REQUIRED ACTION - There are pictures in the records below; leave them out and set down exactly the lines from the one holding "我國(guó)的國(guó)" through the one holding "За допомогою керма".

LISTED RECORDS -
● ● ● ●

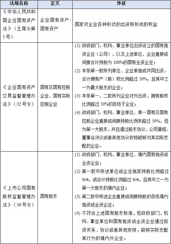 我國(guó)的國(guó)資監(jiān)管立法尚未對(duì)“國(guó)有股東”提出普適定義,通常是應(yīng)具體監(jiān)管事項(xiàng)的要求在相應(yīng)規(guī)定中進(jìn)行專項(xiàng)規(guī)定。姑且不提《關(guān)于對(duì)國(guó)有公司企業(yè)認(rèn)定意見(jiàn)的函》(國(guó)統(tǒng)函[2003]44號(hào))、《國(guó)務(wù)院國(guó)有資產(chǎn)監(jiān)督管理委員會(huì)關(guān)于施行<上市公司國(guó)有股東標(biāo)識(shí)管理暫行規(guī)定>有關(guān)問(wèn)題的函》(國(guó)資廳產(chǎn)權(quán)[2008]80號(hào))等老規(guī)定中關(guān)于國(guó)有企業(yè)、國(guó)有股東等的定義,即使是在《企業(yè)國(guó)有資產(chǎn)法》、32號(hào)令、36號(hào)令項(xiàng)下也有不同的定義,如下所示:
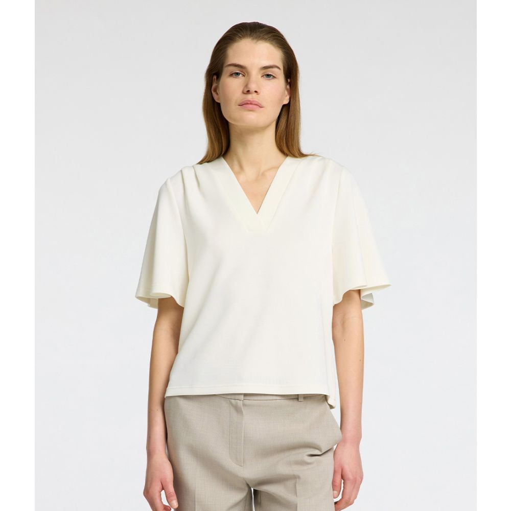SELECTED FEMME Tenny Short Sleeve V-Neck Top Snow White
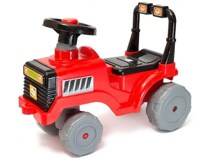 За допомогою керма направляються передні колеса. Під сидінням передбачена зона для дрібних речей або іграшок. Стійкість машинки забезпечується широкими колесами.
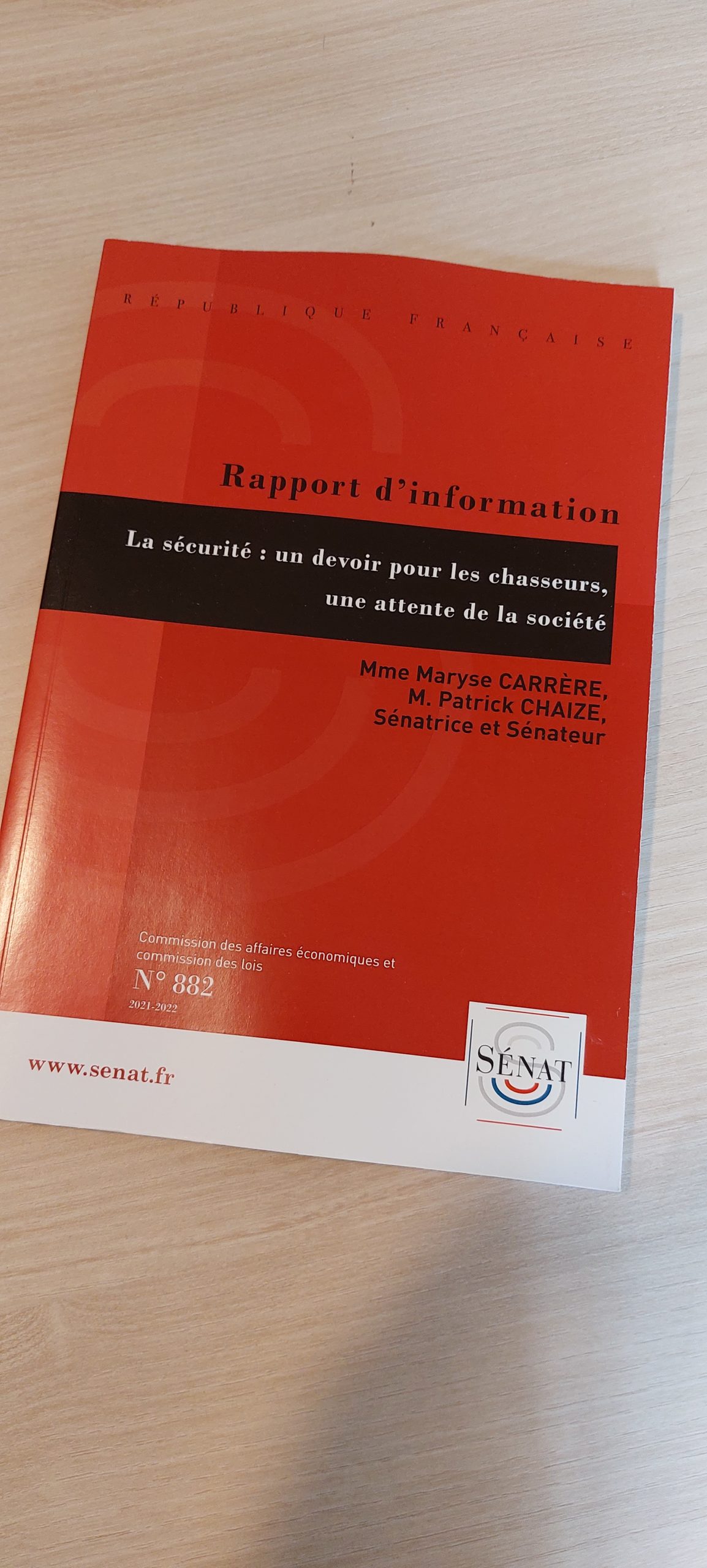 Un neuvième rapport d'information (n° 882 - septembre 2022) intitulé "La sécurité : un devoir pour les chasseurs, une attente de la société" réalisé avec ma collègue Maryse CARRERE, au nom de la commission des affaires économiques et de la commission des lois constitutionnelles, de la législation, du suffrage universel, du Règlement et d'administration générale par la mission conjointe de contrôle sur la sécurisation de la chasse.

● ● ● ●

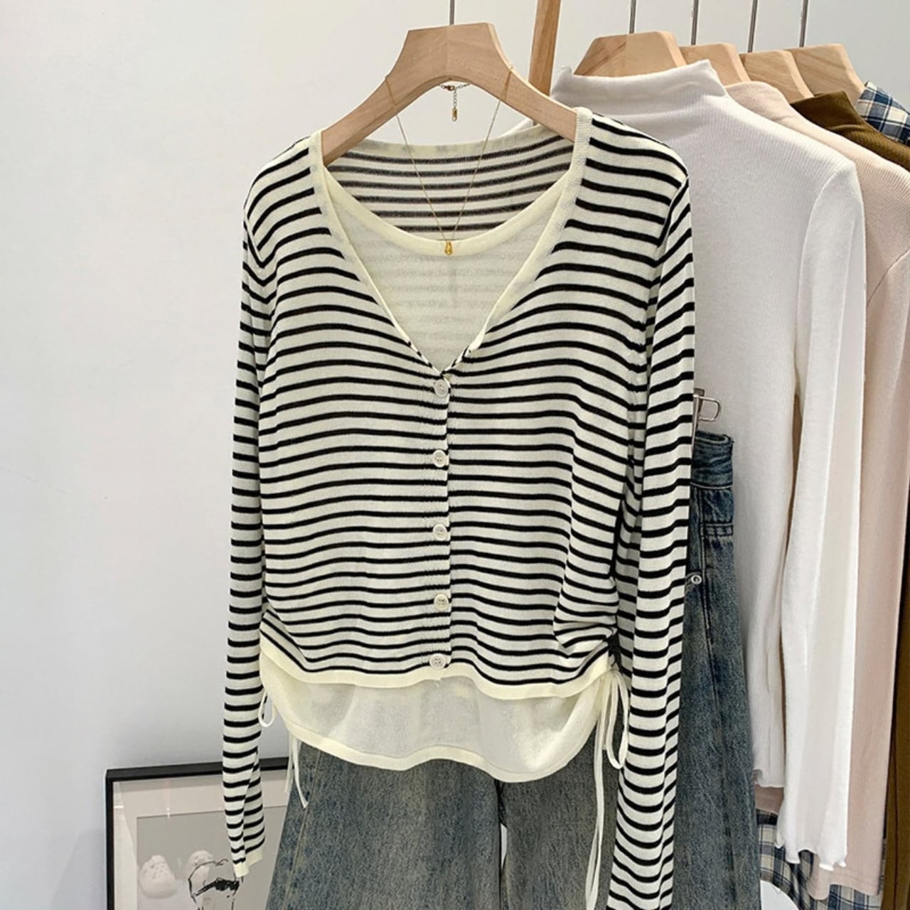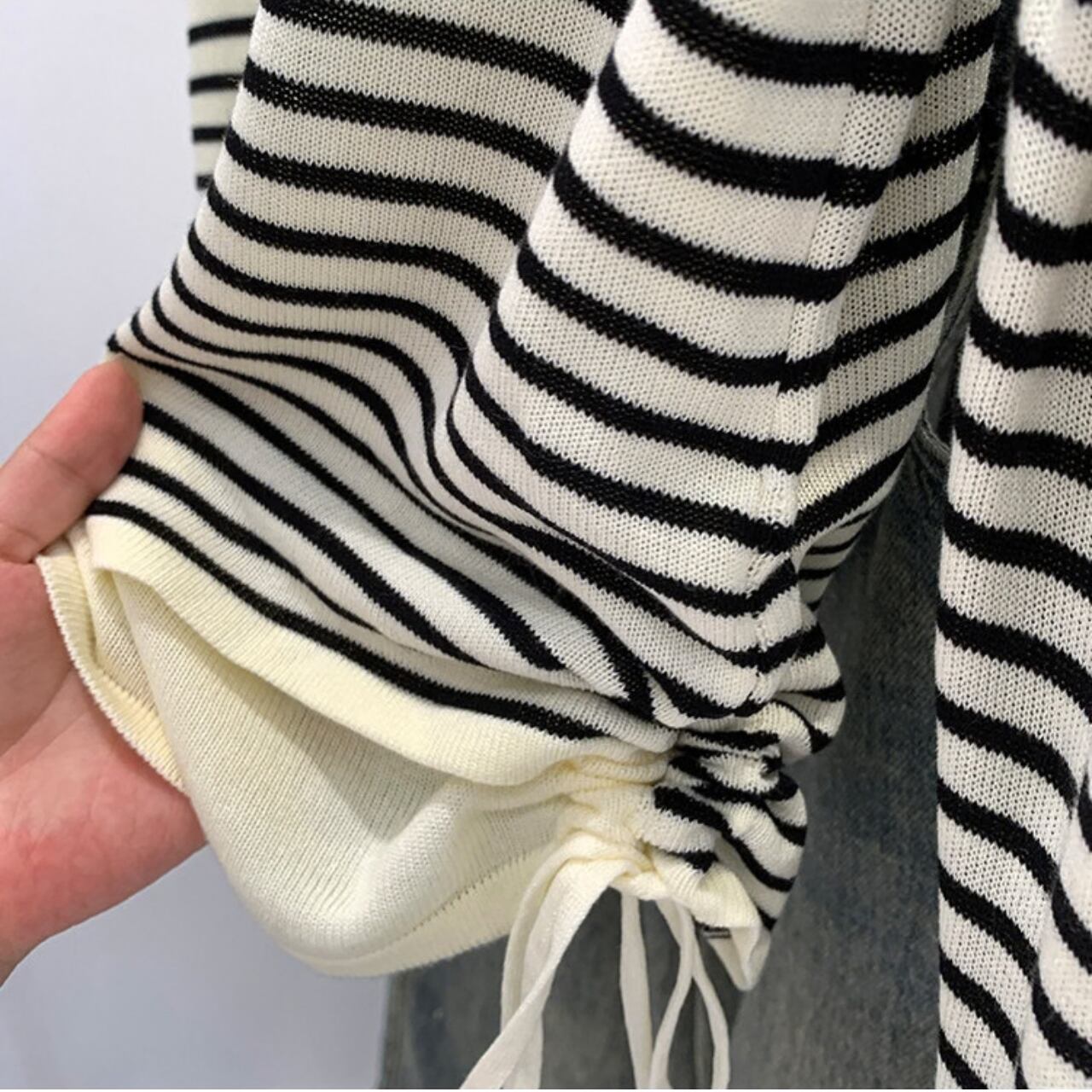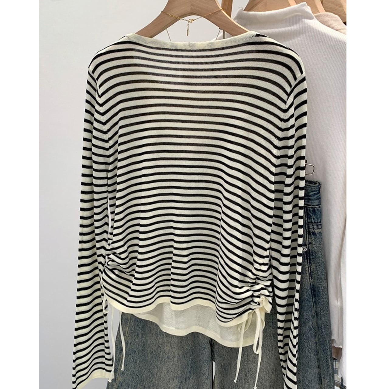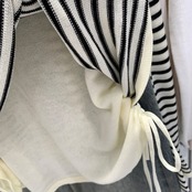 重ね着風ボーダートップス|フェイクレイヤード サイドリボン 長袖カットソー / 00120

● ● ● ●

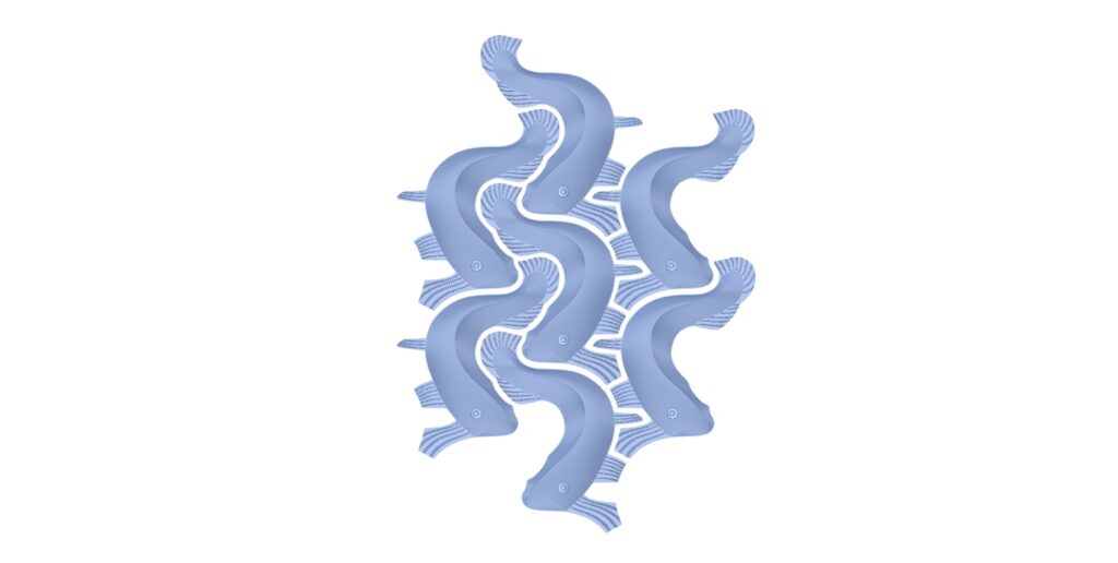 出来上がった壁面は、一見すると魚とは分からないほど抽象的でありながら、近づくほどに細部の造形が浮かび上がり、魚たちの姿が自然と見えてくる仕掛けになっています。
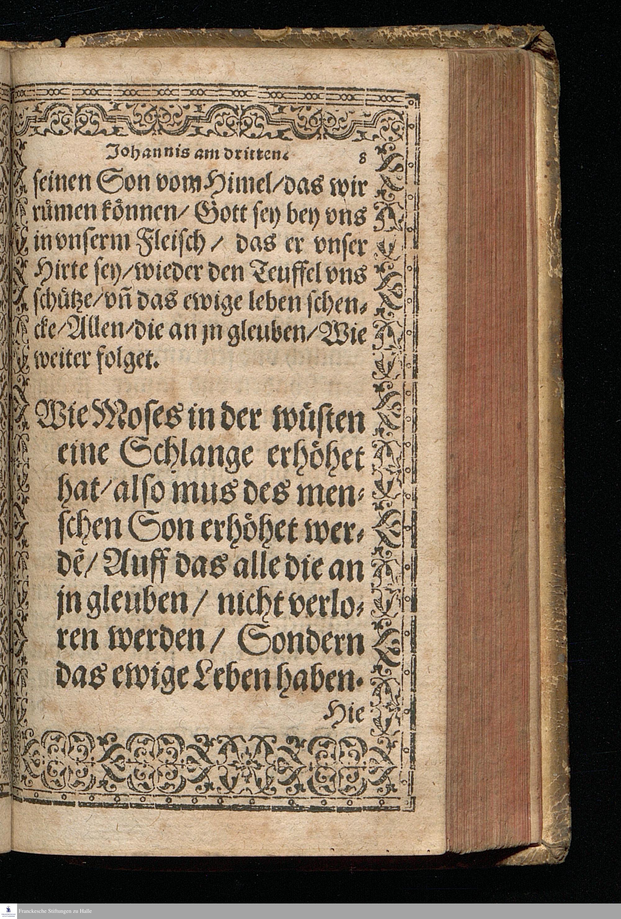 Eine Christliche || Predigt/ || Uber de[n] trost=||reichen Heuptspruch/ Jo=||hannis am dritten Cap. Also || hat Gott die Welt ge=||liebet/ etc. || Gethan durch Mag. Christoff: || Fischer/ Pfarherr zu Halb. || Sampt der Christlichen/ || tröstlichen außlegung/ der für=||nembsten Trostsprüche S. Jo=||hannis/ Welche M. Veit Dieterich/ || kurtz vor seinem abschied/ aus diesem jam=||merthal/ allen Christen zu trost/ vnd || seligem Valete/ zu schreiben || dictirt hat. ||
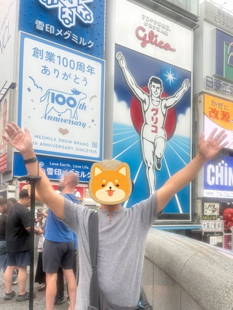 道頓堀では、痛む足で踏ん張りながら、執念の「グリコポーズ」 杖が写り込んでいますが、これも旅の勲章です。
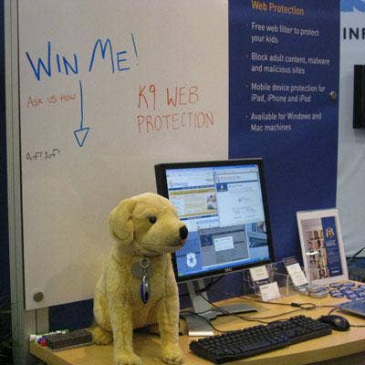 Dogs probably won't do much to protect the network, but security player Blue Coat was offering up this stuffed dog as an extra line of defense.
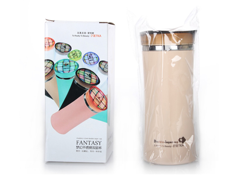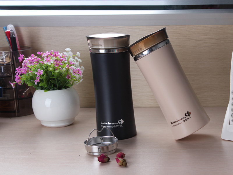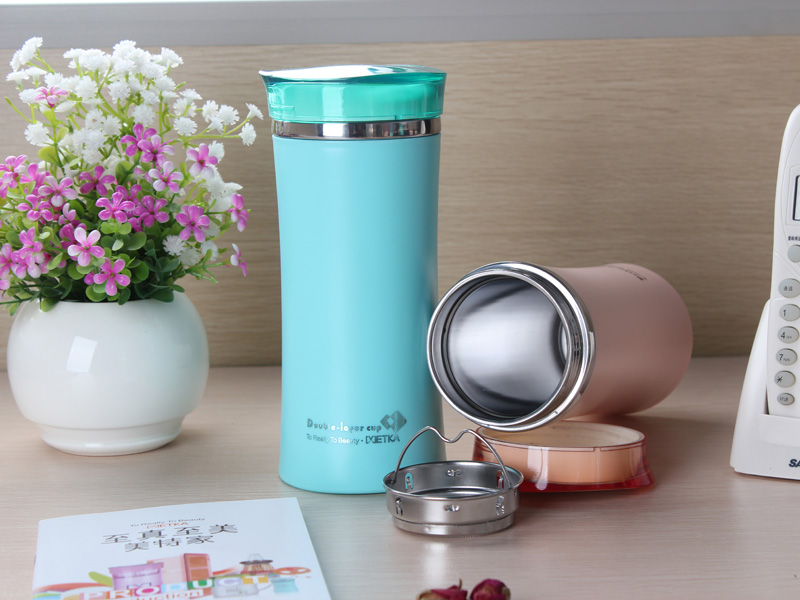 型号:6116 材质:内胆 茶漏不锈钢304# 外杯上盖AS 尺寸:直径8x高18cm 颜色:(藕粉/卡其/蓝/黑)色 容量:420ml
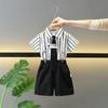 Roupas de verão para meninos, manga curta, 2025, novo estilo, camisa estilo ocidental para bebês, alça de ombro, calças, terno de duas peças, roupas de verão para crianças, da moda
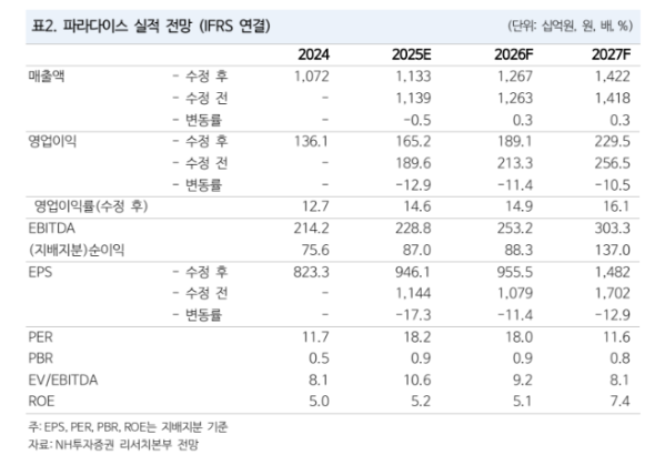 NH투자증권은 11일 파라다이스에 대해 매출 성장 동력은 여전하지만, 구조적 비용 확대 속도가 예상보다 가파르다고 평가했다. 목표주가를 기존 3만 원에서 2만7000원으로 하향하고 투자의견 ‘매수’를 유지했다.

● ● ● ●

WRITTEN ANSWER -
 我國(guó)的國(guó)資監(jiān)管立法尚未對(duì)“國(guó)有股東”提出普適定義,通常是應(yīng)具體監(jiān)管事項(xiàng)的要求在相應(yīng)規(guī)定中進(jìn)行專項(xiàng)規(guī)定。姑且不提《關(guān)于對(duì)國(guó)有公司企業(yè)認(rèn)定意見(jiàn)的函》(國(guó)統(tǒng)函[2003]44號(hào))、《國(guó)務(wù)院國(guó)有資產(chǎn)監(jiān)督管理委員會(huì)關(guān)于施行<上市公司國(guó)有股東標(biāo)識(shí)管理暫行規(guī)定>有關(guān)問(wèn)題的函》(國(guó)資廳產(chǎn)權(quán)[2008]80號(hào))等老規(guī)定中關(guān)于國(guó)有企業(yè)、國(guó)有股東等的定義,即使是在《企業(yè)國(guó)有資產(chǎn)法》、32號(hào)令、36號(hào)令項(xiàng)下也有不同的定義,如下所示:
SELECTED FEMME Tenny Short Sleeve V-Neck Top Snow White
 За допомогою керма направляються передні колеса. Під сидінням передбачена зона для дрібних речей або іграшок. Стійкість машинки забезпечується широкими колесами.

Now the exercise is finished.